RECORDS PROVIDED below:

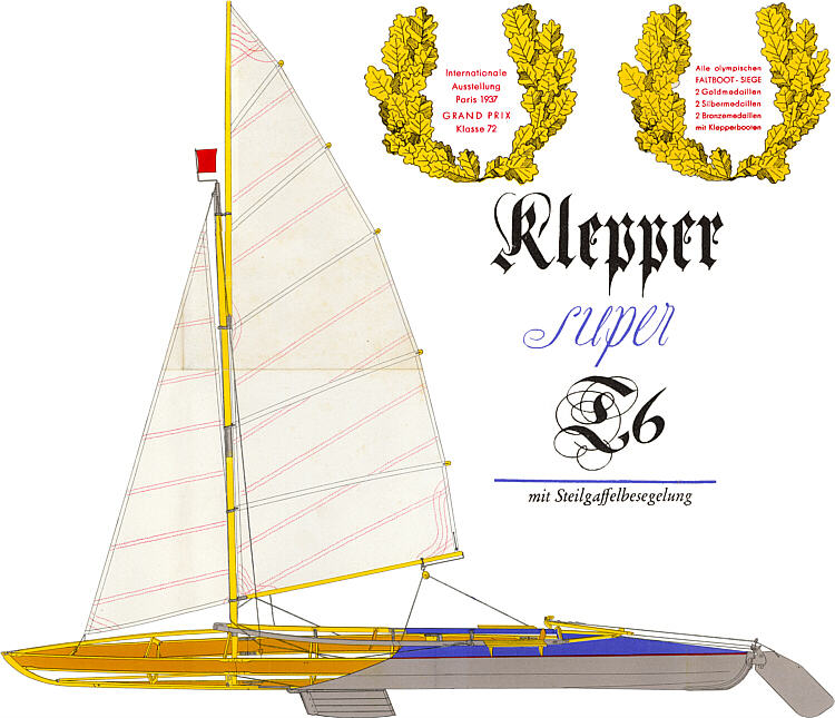 Die neue Klepper-Steilgaffel-Besegelung ist in Verbindung mit dem neuen Kiel-Senk-Schwert, dem neuen Handruder, der verbesserten Vorsegelausrüstung und den Verdecksitzen technisch bereits so durchgebildet, dass die Ausrüstung der Ausstattung einer Rennjolle durchaus gleichkommt. |
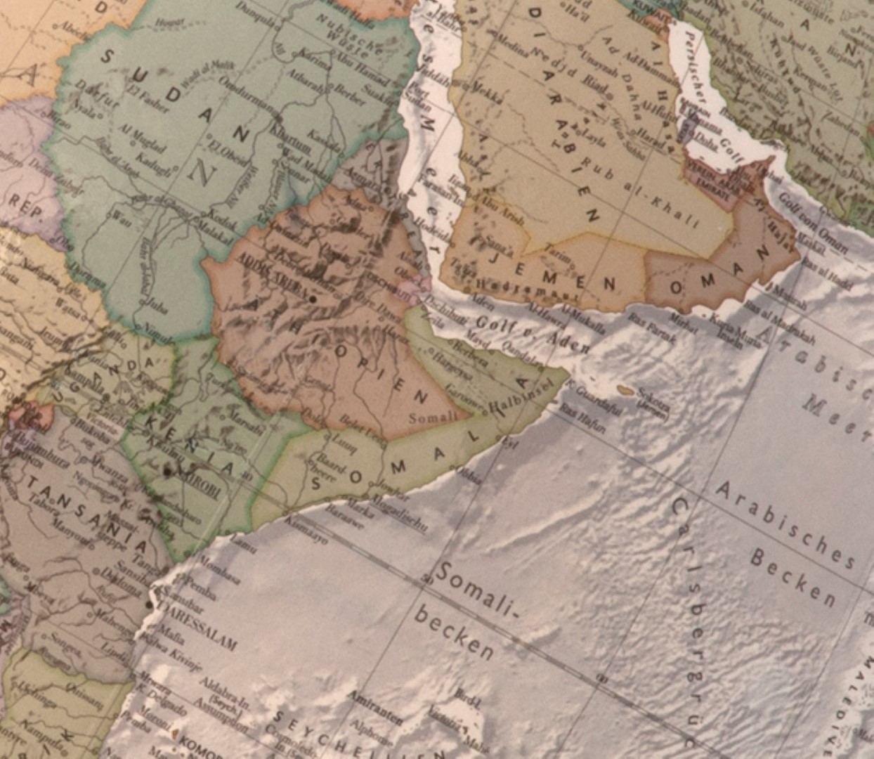 Die Meere erstrahlen im klassischen Blau, die Kontinente zeigen stolz ihre Erhöhungen durch
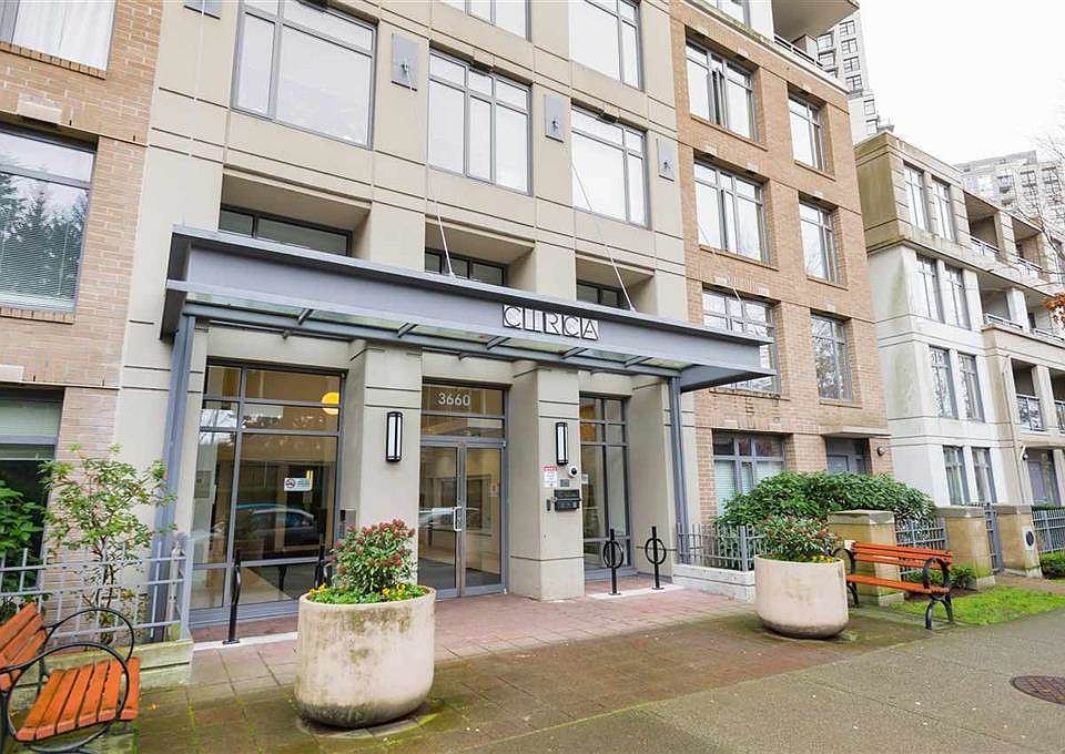 Welcome to The Circa, quality built building by Bosa! Circa offers stylish suites in central location, surrounded by green space. This immaculately-kept east-facing 1 Bed & Den (can be used as a second bedroom!) + 1 Bath suite is perfect for a first time home buyer or for investment! Features include an efficient floor plan, extra large windows for plenty of natural lighting, 2 year-old in-suite laundry and bright den/solarium flooded with sunshine. Brand New stove in kitchen. 1 parking + 1 storage included. Amenities include an exercise room, bike storage, children's playground, garden & secure guest parking. Short walk to Joyce-Collingwood Skytrain Station and #28 bus towards Joyce Station/Phibbs Exchange, shopping, restaurants, parks & walking paths. CALL TODAY FOR YOUR PRIVATE SHOWING!
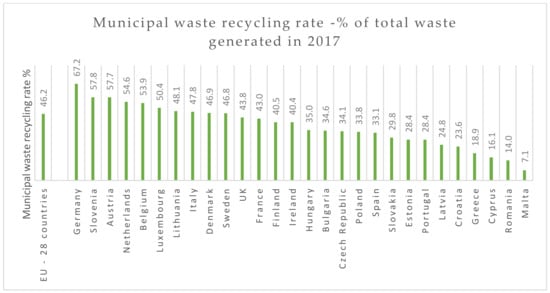 Figure 4 presents the municipal waste recycling rates in 2017 for the 28 EU countries. This indicator measures the percentage of recycled waste in the total amount generated in each country and includes material recycling, composting and anaerobic digestion. As can be observed in Figure 4, Germany is the country with the highest recycling rate (67.2%) in the EU. Based on this result, it can be stated that even if it is the country that generates the largest amount of waste, the country also manages properly a large amount of the generated waste. On the other hand, Romania is among the last two countries with respect to this indicator, scoring only 14% for the municipal waste recycling rate, while the EU average for municipal waste recycling is 46.2%.
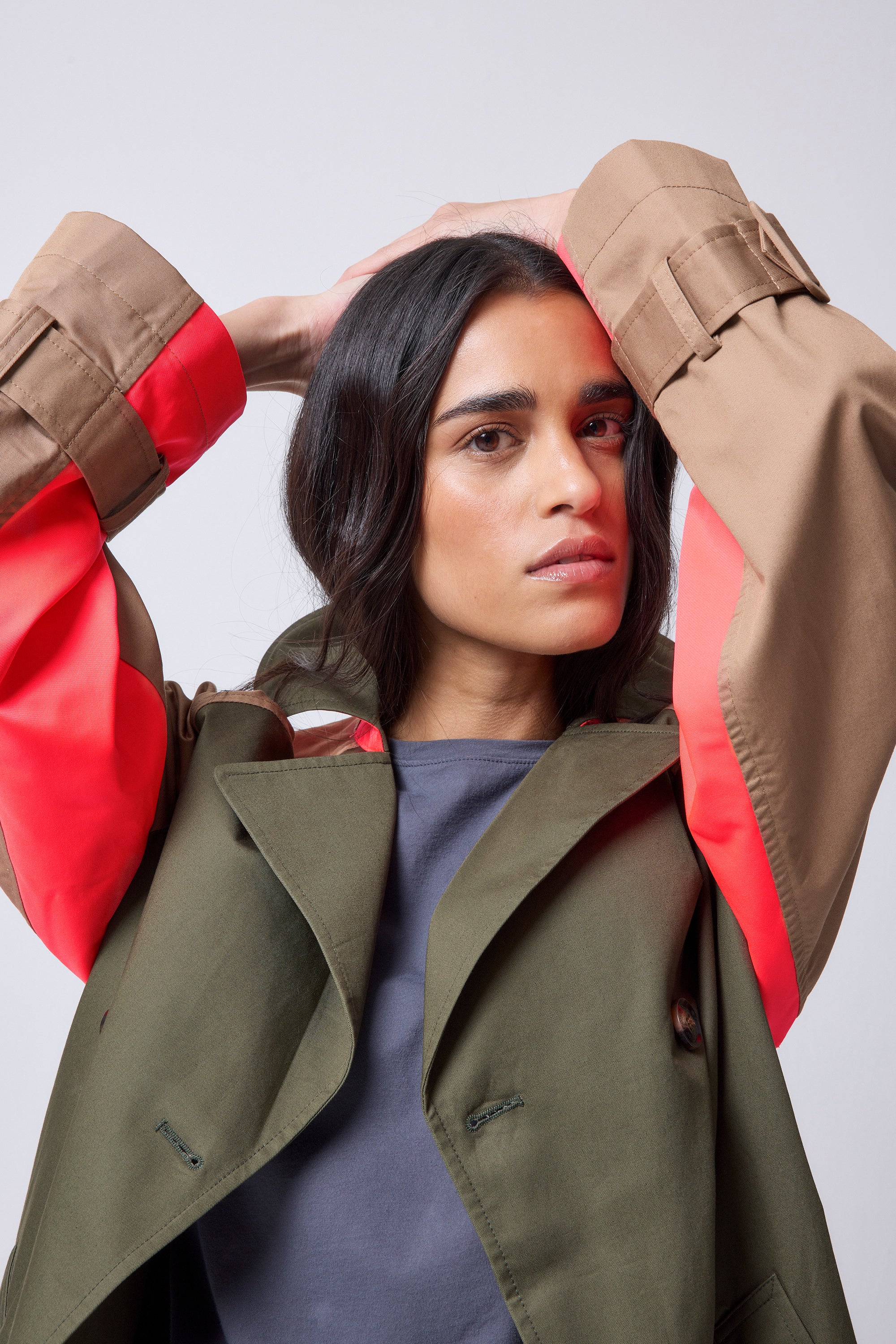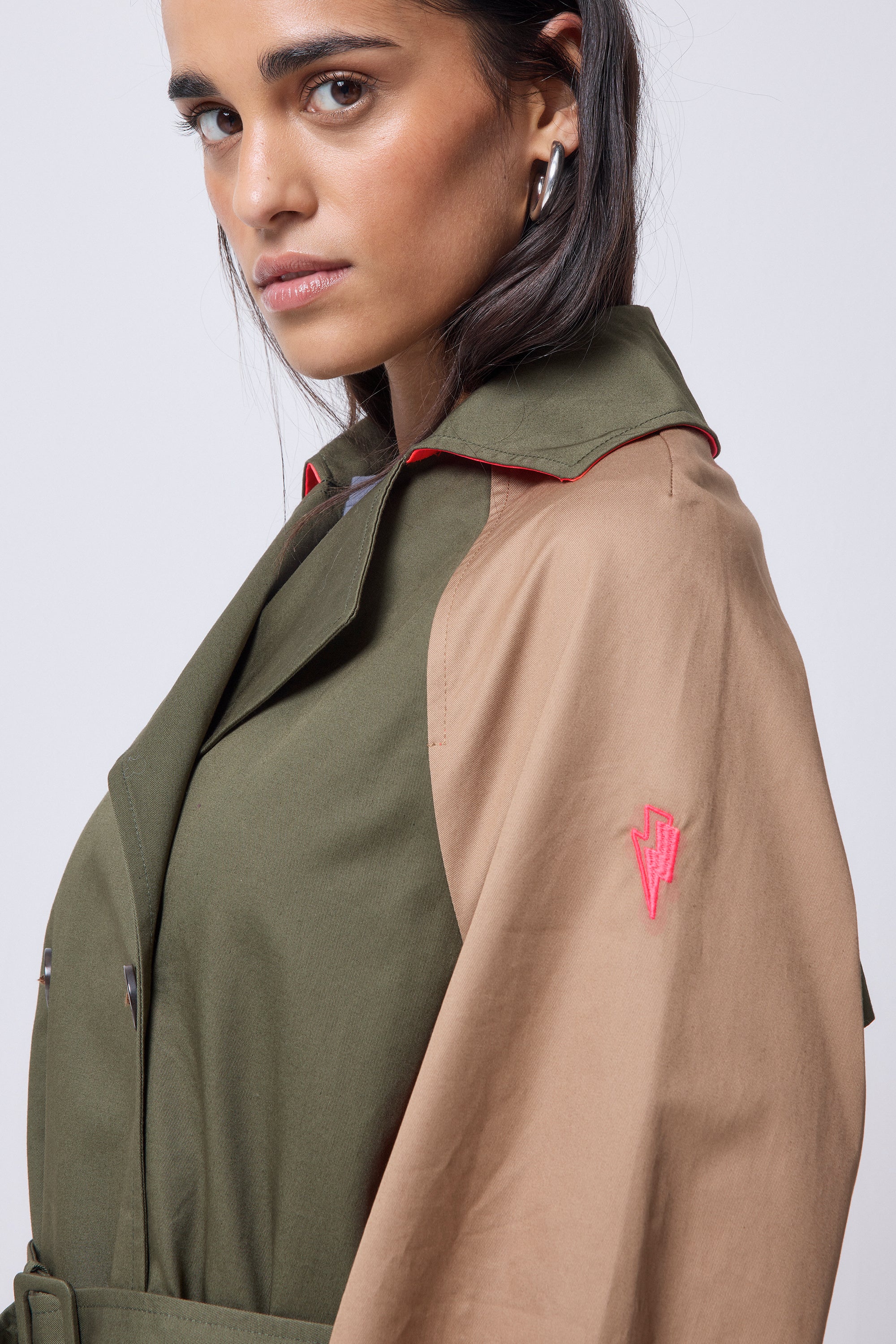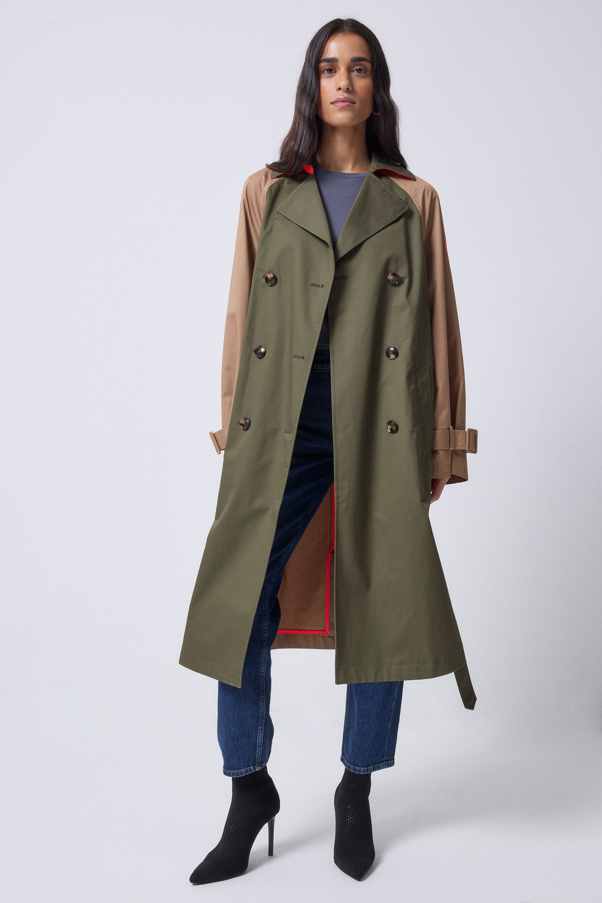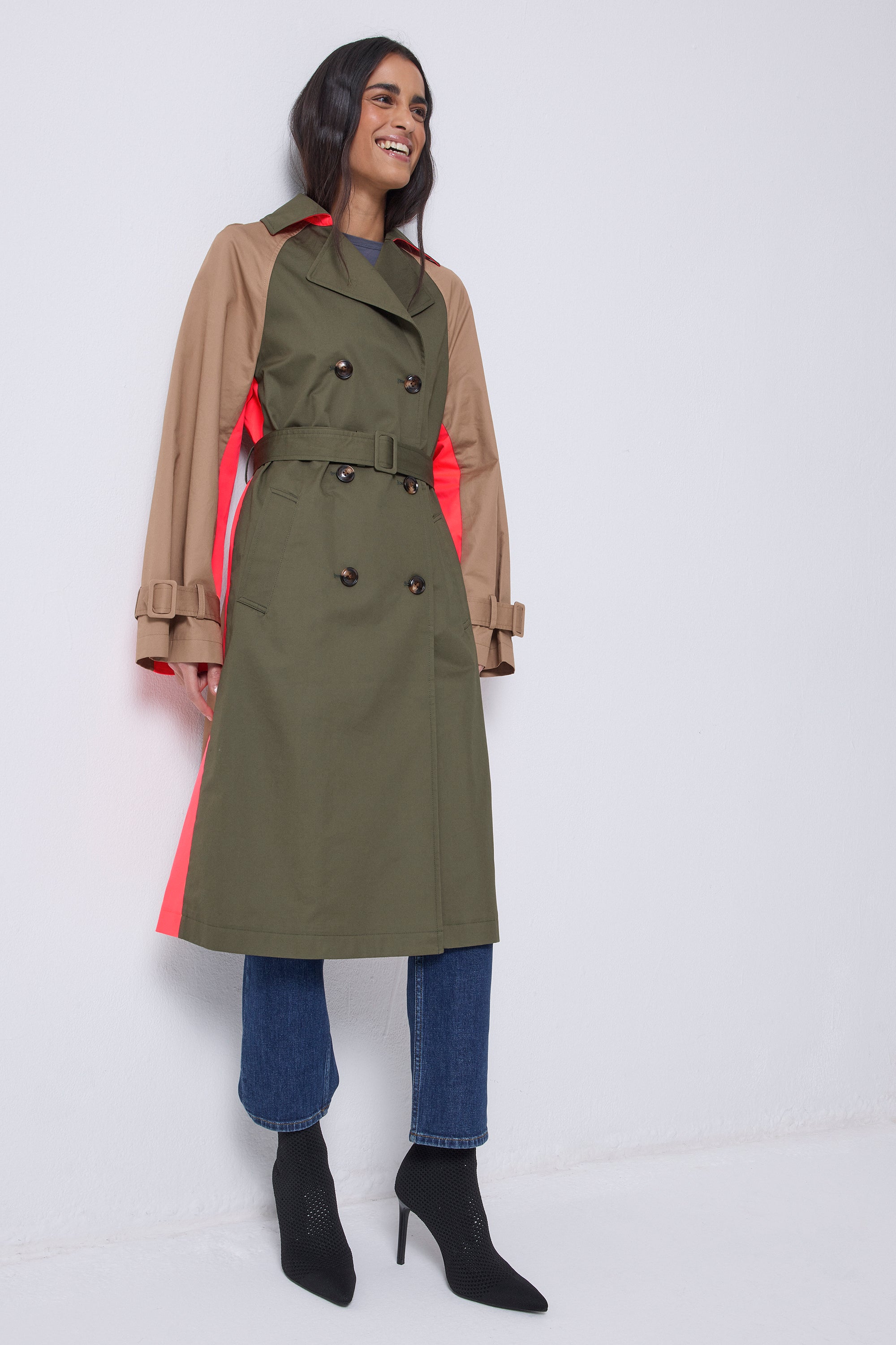 Khaki with Camel and Coral Colourblock Trench Coat

End of RECORDS PROVIDED.

▶ [EXERCISE PROMPT]:
Excluding the pictures, output every entry above without alteration.

▶ [TASK SOLUTION]:
 Die neue Klepper-Steilgaffel-Besegelung ist in Verbindung mit dem neuen Kiel-Senk-Schwert, dem neuen Handruder, der verbesserten Vorsegelausrüstung und den Verdecksitzen technisch bereits so durchgebildet, dass die Ausrüstung der Ausstattung einer Rennjolle durchaus gleichkommt. |
 Die Meere erstrahlen im klassischen Blau, die Kontinente zeigen stolz ihre Erhöhungen durch
 Welcome to The Circa, quality built building by Bosa! Circa offers stylish suites in central location, surrounded by green space. This immaculately-kept east-facing 1 Bed & Den (can be used as a second bedroom!) + 1 Bath suite is perfect for a first time home buyer or for investment! Features include an efficient floor plan, extra large windows for plenty of natural lighting, 2 year-old in-suite laundry and bright den/solarium flooded with sunshine. Brand New stove in kitchen. 1 parking + 1 storage included. Amenities include an exercise room, bike storage, children's playground, garden & secure guest parking. Short walk to Joyce-Collingwood Skytrain Station and #28 bus towards Joyce Station/Phibbs Exchange, shopping, restaurants, parks & walking paths. CALL TODAY FOR YOUR PRIVATE SHOWING!
 Figure 4 presents the municipal waste recycling rates in 2017 for the 28 EU countries. This indicator measures the percentage of recycled waste in the total amount generated in each country and includes material recycling, composting and anaerobic digestion. As can be observed in Figure 4, Germany is the country with the highest recycling rate (67.2%) in the EU. Based on this result, it can be stated that even if it is the country that generates the largest amount of waste, the country also manages properly a large amount of the generated waste. On the other hand, Romania is among the last two countries with respect to this indicator, scoring only 14% for the municipal waste recycling rate, while the EU average for municipal waste recycling is 46.2%.
 Khaki with Camel and Coral Colourblock Trench Coat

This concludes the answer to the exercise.